→ **The problem**: Starting from the top of the entries below and ending with the line containing "150 多種材料里面尋找,終于找到了這個(gè)名為 TPE", restate every line word for word, pictures omitted.

→ **Provided information**:
☆ ☆ ☆ ☆ ☆
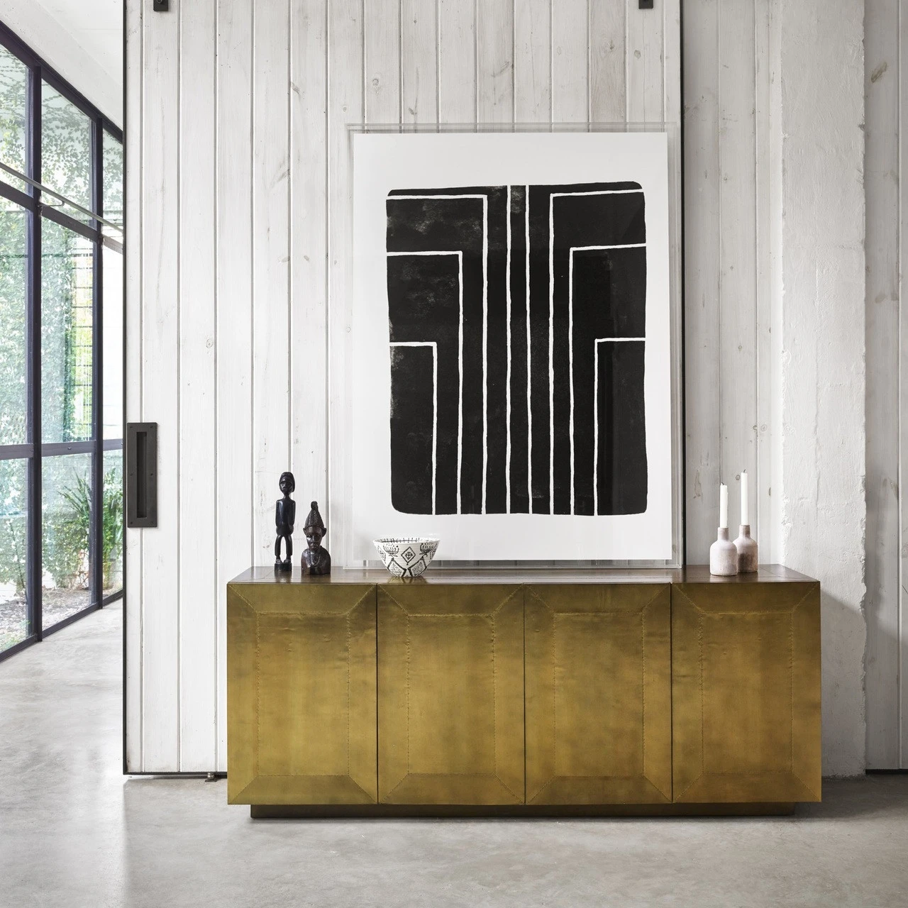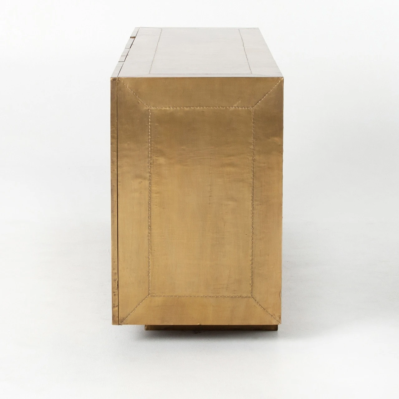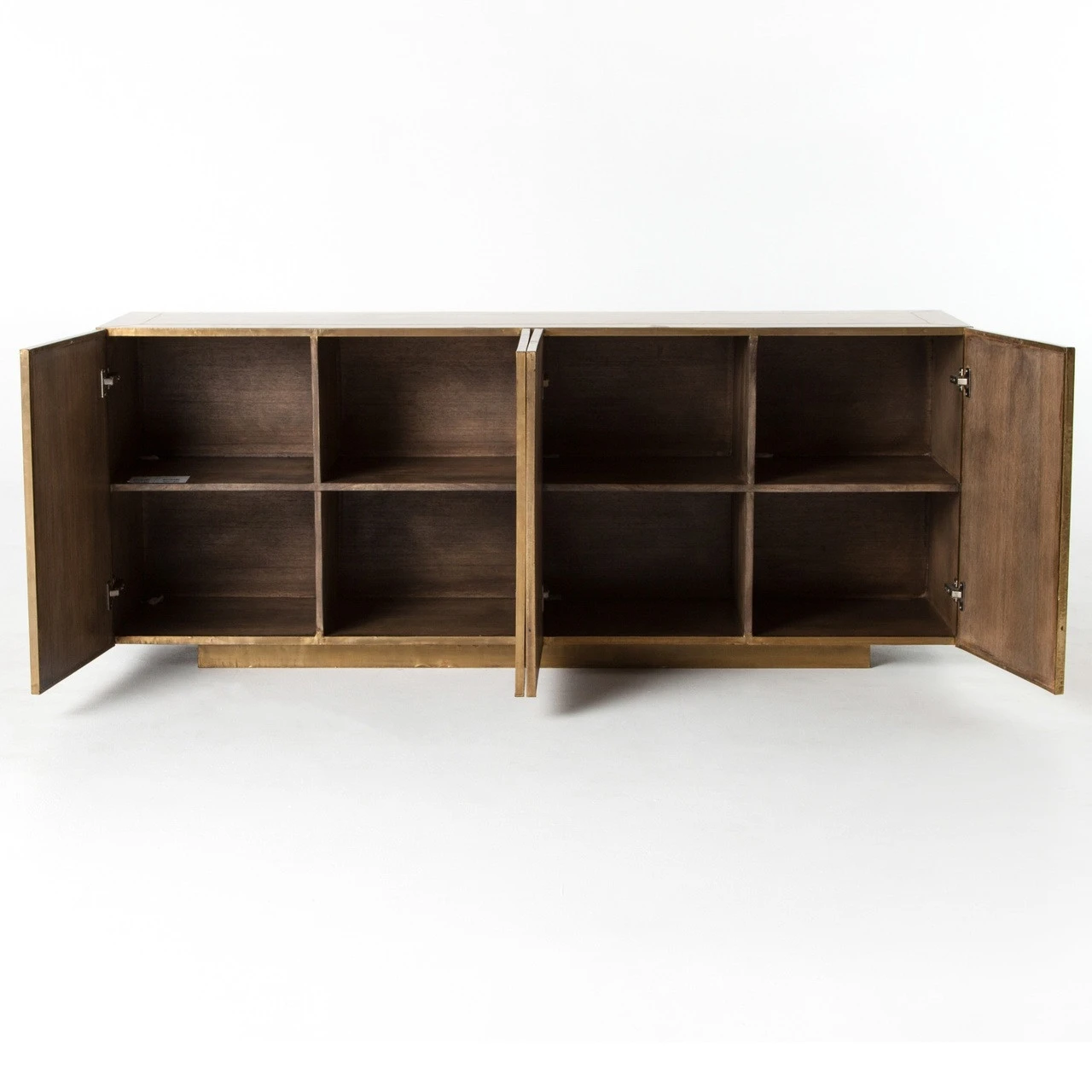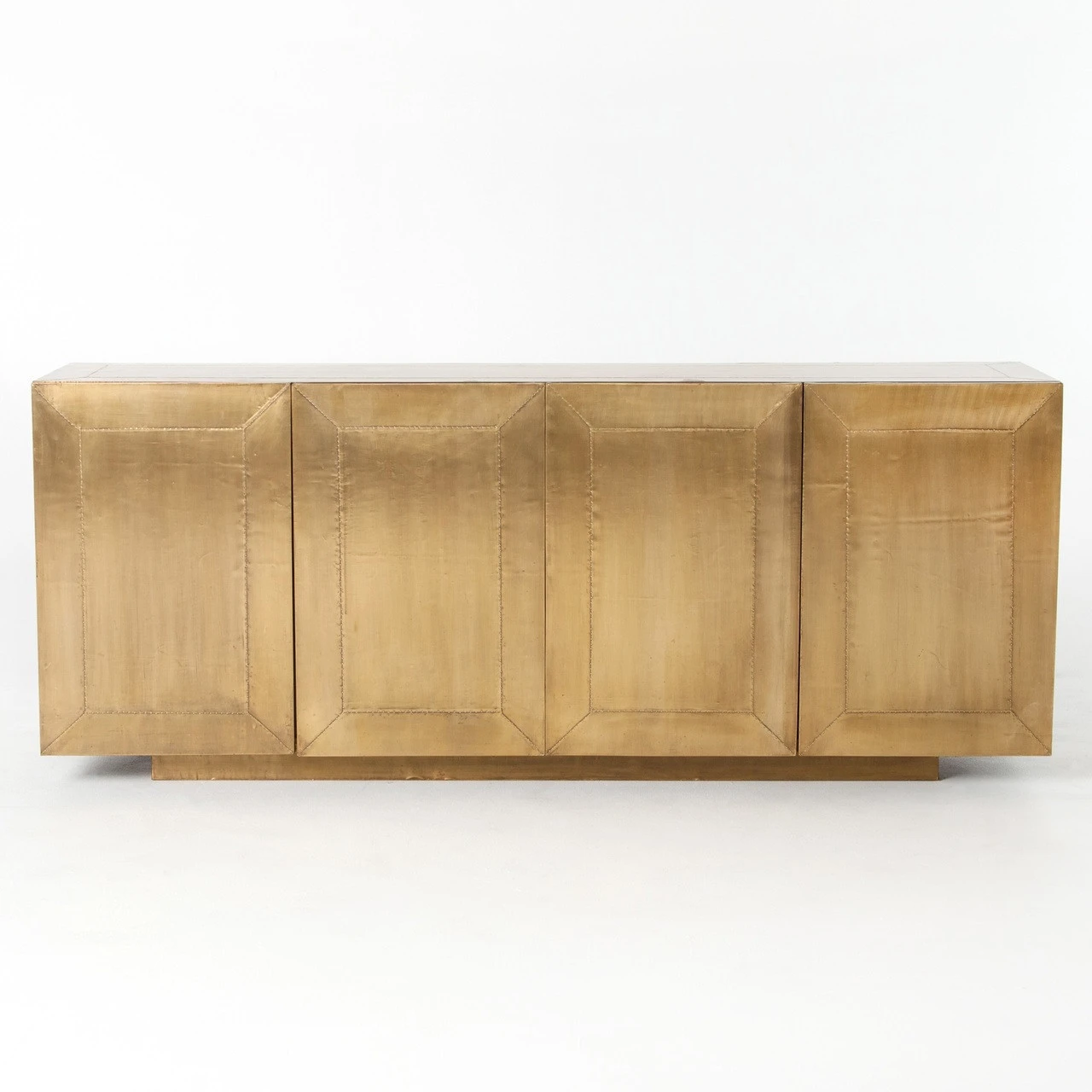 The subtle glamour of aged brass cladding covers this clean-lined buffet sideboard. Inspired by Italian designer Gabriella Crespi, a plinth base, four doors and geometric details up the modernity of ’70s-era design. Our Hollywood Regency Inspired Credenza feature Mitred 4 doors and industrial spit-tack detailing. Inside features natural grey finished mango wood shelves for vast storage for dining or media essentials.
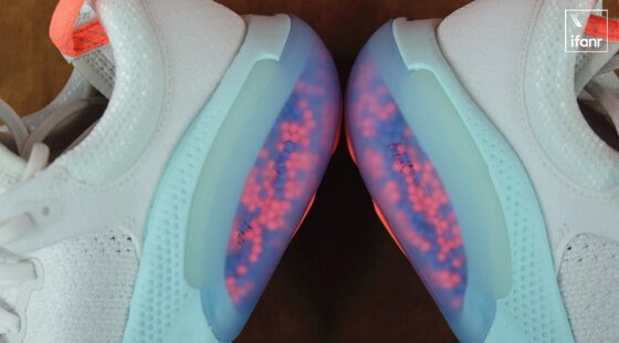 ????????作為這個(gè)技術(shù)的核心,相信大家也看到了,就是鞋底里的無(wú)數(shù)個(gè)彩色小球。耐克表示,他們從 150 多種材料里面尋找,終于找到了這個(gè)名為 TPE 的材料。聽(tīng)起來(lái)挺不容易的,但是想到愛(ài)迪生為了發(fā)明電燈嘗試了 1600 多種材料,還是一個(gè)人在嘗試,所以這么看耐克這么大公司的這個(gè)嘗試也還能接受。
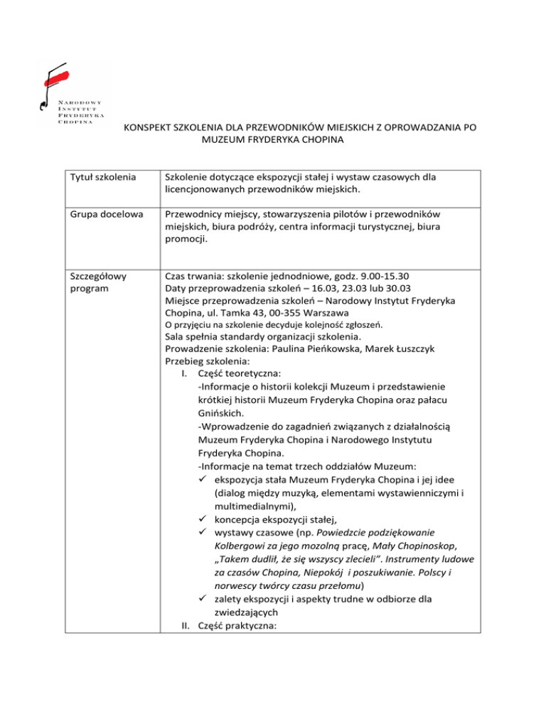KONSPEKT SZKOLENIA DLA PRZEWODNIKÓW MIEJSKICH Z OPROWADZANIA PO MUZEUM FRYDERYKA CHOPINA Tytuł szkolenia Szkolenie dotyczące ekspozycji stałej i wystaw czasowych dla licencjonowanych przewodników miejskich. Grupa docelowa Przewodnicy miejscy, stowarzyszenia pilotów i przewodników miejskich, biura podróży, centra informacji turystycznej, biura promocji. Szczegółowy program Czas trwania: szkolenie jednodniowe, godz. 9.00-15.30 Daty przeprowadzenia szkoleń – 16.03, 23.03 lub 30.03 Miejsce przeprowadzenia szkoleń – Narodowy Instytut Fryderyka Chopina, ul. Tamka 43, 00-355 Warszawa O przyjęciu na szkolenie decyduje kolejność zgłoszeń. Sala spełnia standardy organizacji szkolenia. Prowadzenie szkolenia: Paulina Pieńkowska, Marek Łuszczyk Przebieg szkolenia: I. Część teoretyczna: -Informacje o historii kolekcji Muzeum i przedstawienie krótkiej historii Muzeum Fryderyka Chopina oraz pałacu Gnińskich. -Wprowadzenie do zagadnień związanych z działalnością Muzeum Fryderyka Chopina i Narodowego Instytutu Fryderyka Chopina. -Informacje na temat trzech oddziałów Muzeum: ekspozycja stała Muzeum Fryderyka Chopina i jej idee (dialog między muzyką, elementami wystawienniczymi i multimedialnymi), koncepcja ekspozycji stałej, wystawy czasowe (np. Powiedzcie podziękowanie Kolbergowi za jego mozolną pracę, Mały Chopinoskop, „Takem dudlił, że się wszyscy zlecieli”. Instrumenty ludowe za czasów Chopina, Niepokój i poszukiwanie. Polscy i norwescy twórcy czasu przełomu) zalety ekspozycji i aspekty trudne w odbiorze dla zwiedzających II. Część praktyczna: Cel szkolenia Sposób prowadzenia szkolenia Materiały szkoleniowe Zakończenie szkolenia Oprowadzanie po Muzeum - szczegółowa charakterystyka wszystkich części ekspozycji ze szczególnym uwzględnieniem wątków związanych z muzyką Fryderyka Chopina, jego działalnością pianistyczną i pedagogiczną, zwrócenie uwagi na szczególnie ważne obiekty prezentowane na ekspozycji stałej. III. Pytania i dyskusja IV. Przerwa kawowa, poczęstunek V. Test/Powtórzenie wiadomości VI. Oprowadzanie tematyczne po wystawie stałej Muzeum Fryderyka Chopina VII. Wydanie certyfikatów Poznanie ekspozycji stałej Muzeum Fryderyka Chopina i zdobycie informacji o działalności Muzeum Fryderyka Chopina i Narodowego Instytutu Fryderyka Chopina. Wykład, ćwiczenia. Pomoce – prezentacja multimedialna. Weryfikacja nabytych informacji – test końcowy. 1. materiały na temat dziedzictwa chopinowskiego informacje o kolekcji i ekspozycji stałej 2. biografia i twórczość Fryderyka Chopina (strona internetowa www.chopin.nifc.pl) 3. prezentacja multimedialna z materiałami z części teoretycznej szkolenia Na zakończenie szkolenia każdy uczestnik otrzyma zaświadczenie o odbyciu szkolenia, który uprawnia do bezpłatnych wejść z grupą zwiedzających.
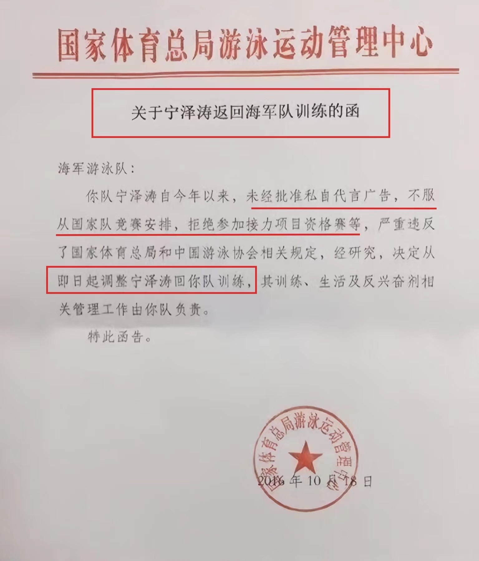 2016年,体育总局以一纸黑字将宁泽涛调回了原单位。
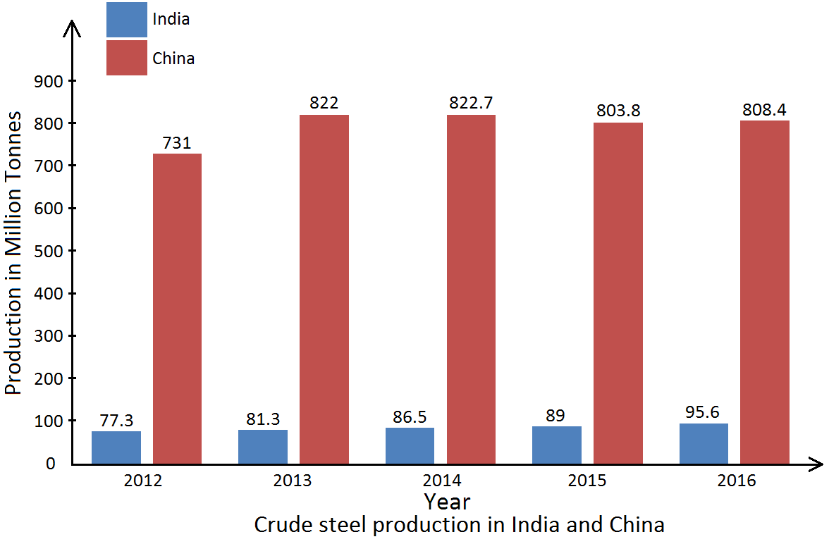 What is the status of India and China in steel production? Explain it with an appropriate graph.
☆ ☆ ☆ ☆ ☆
→ **Solution for this task**:
 The subtle glamour of aged brass cladding covers this clean-lined buffet sideboard. Inspired by Italian designer Gabriella Crespi, a plinth base, four doors and geometric details up the modernity of ’70s-era design. Our Hollywood Regency Inspired Credenza feature Mitred 4 doors and industrial spit-tack detailing. Inside features natural grey finished mango wood shelves for vast storage for dining or media essentials.
 ????????作為這個(gè)技術(shù)的核心,相信大家也看到了,就是鞋底里的無(wú)數(shù)個(gè)彩色小球。耐克表示,他們從 150 多種材料里面尋找,終于找到了這個(gè)名為 TPE 的材料。聽(tīng)起來(lái)挺不容易的,但是想到愛(ài)迪生為了發(fā)明電燈嘗試了 1600 多種材料,還是一個(gè)人在嘗試,所以這么看耐克這么大公司的這個(gè)嘗試也還能接受。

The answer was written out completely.